Finally, the retinex theory of colour focuses on the reflectance of items, which would mean the proportion of light of different wavelengths that a surface reflects. This theory follows that this is what determines the colour of objects we see. According to this theory, our visual system perceives colours through reflectance of surfaces and then through the comparison of light from an adjacent surface in different wavelengths (short, medium and long). The theory is crucial for neuroscientists and their discovery for mechanisms used in colour vision because it suggests how some neurons involved in colour work. Land’s theory also states that the colours we see are constant, so green objects are green, blue objects are blue. 

Treatments

In most cases, colour blind or colour deficient individuals can benefit from technologies, such as using colour filters from apps. Optical assistant devices, such as enchroma glasses and the wearable improved vision system for colour vision deficiency device also aid in enhancing brightness between some colours. Gene therapies are also being observed to create an additional photopigment, thus, creating trichromatic vision. However, currently there is no cure for colour blindness. The following images have been edited using a filtering app that alters images to make colours easier to see for those with colour blindness and is inclusive to the different types. You can access more images under our gallery tab and we have provided information about the app in another tab as well.

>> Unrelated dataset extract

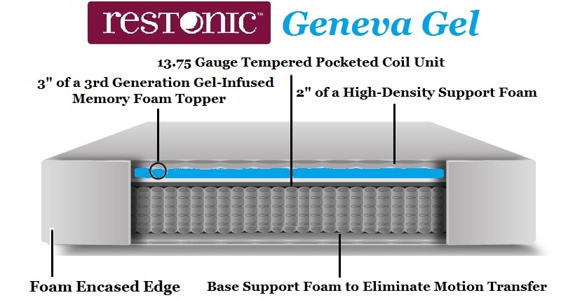The Therapedic Geneva Gel is one of our softest innerspring mattress set yet still offers premium support and conformity. Its patented 13.75 gauge pocketed coil is one of the strongest on the market designed to prevent sags or body impressions from forming in the center of the mattress. A full 3" of a 3rd Generation Gel-Infused Memory Foam keeps sleepers comfortable with balanced air-flow and unparalleled pressure relief. We would recommend this for side or back sleeping adults. The Geneva Gel is backed with a 10 Year Full Non-Prorated warranty which will replace the mattress in 10 years if it has any body impression over 1 1/2".

Here is our original photo:

Now, here are some with the filters from the app NowYouSee. This filter helps recognize green by substituting with different colours that can be distinguished by those with deuteranopia

This filter helps recognize blue by substituting blue with different colours to help those with tritanopia

Here’s a cool podcast you can listen to! If you find this interesting, you can read about more scientific research by clicking the tab at the top of our page.  

Facts 

Being completely colourblind means you see the world in black and white, most colourblind individuals see some colours but cannot distinguish between certain colours, like red and green

Did you know that some animals are actually colourblind? Animals like dogs, cats and rabbits have a high chance of being colourblind and seeing the world through grey shades. However, others like butterflies see more colours than humans.      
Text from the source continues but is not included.